Additionally, Bankers Trust was still managing the bulk of its assets in passive products, despite a restructuring last year during which Mr. Wheen took over, charged with increasing active management operations.
The global investment management unit, which manages $200 billion, including $170 billion in U.S.-based assets, has been trying to emphasize active management, but has not been very successful. Instead, it suffered from a tide of defections among its top management and middling results in active management (Pensions & Investments, April 3).
According to figures submitted by the firm for P&I's Money Managers Directory, total assets under management dropped to $181.8 billion Jan. 1, 1995, from $184.5 billion Jan. 1, 1994 (P&I, May 15). It has rebounded, growing to approximately $200 billion as of Sept. 30. According to the figures from by the firm, Bankers Trust is allocated 56% in stock, 28% in cash, and 5% in bonds, with the remaining assets in tactical asset allocation accounts or GICs.
The increase to $200 billion since Jan. 1 is only a 10% jump, while market returns based on that asset allocation would have brought the total assets to approximately $217 billion - a 19.1% increase - had the accounts stayed put.
The firm "had been bleeding active management assets like a gusher," said a competitor, who also is a former Bankers Trust manager. The firm's total assets under management don't appear depleted, thanks to a nearly 30% return in the domestic equity market this year, he said.
The restructuring of the asset management operation in early 1994 included the merger of the investment management and funds management units into one group covering institutions, hedge funds and high-net worth individuals; and the elimination of the London-based active international equity group.
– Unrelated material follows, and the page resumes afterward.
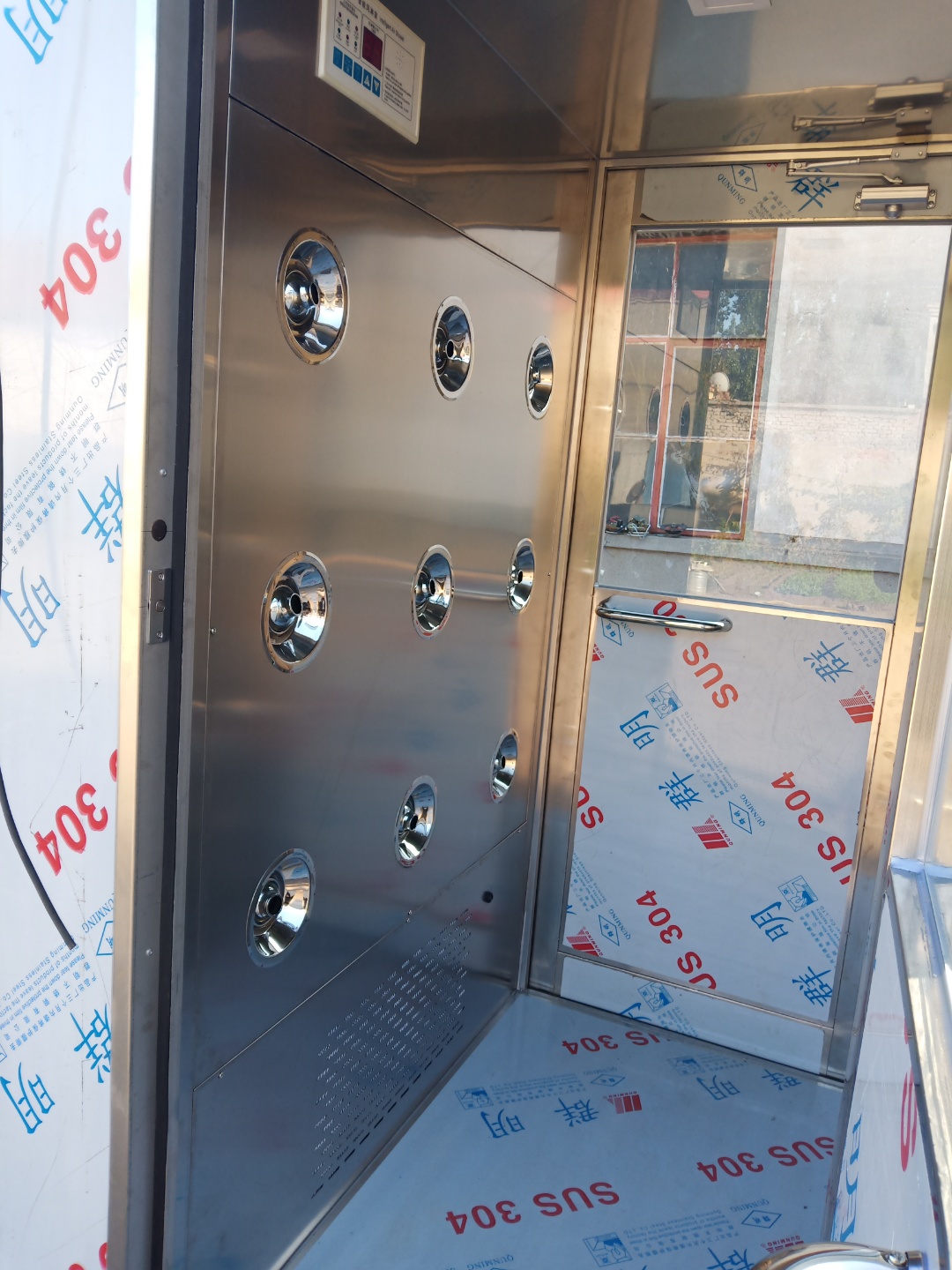 3.拉開不銹鋼風淋門人員進入風淋門后,風淋門立即自動關閉外門,紅外線感應,風淋自動啟動,吹淋15秒。

Traditional investment managers, such as Kent Atkins, former chief investment officer, were sidelined into client service roles within the company's strategic advisory group, while executives with trading backgrounds filled key executive spots; Mr. Atkins was replaced by Mr. Wheen, a former currency trader from Bankers Trust's London office.
The appointment of Mr. Minard could be a wise step for the firm, said observers. Not only is he well known as an investment management veteran, he also has experience steering a troubled organization to stop the loss of staff and clients. If he accepts the position, he would bring in the name and reputation necessary to put the industry on notice that Bankers Trust is serious about getting asset management back on track, said a competitor.
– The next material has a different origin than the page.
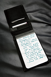 My favorite 万年筆も時計もたくさん持っているが、メモ帳はこれ一筋。同じタイプの予備も持っている。メモ帳2冊と中身のノートも合わせて10ドルしなかった。スピーチの時も、ビル・クリントン元大統領との面会でも活躍した、どんなものにも勝る「ブレーン」だ
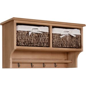 This HOMCOM wall mounted storage shelf is a great item to have in your entry or hallway for your home or office. It comes in a modern design with four metal hooks to hang your coats and two cube shelves with two pullout wicker baskets. These will be a great place to store your gloves, scarves bags and more. The unit gives you ample storage and will be an ideal solution to match your home or office décor.

If Mr. Minard takes the post, he will find himself in the same situation as when he was named chairman and CEO of Mitchell Hutchins in 1993, after the resignation of then-President Joyce Ferhnstock. At the time, Mitchell Hutchins was embroiled in a lawsuit with Kleinwort Benson International Investment Ltd. over the defections of Ms. Ferhnstock's predecessor, Stephen Canter, and five fixed-income managers. She resigned later, following problems with Mitchell Hutchins' money market funds.
In January, Mitchell Hutchins appointed Margo Alexander, an executive vice president of its parent, PaineWebber Inc., as president and CEO. The appointment was seen by some people in the industry as an effort to ease out Mr. Minard, who remained as chairman of the company.
However, some consultants and competitors privately wondered whether the situation at Bankers Trust's global investment management unit can be stabilized without first resolving the controversies over its parent company's derivatives trading practices. Some consultants were doubtful whether new management can do more than right the ship while the parent is embroiled in litigation with clients like Procter & Gamble Co. over derivatives losses. So far, investment management clients claim they have not been affected (P&I, Oct. 16).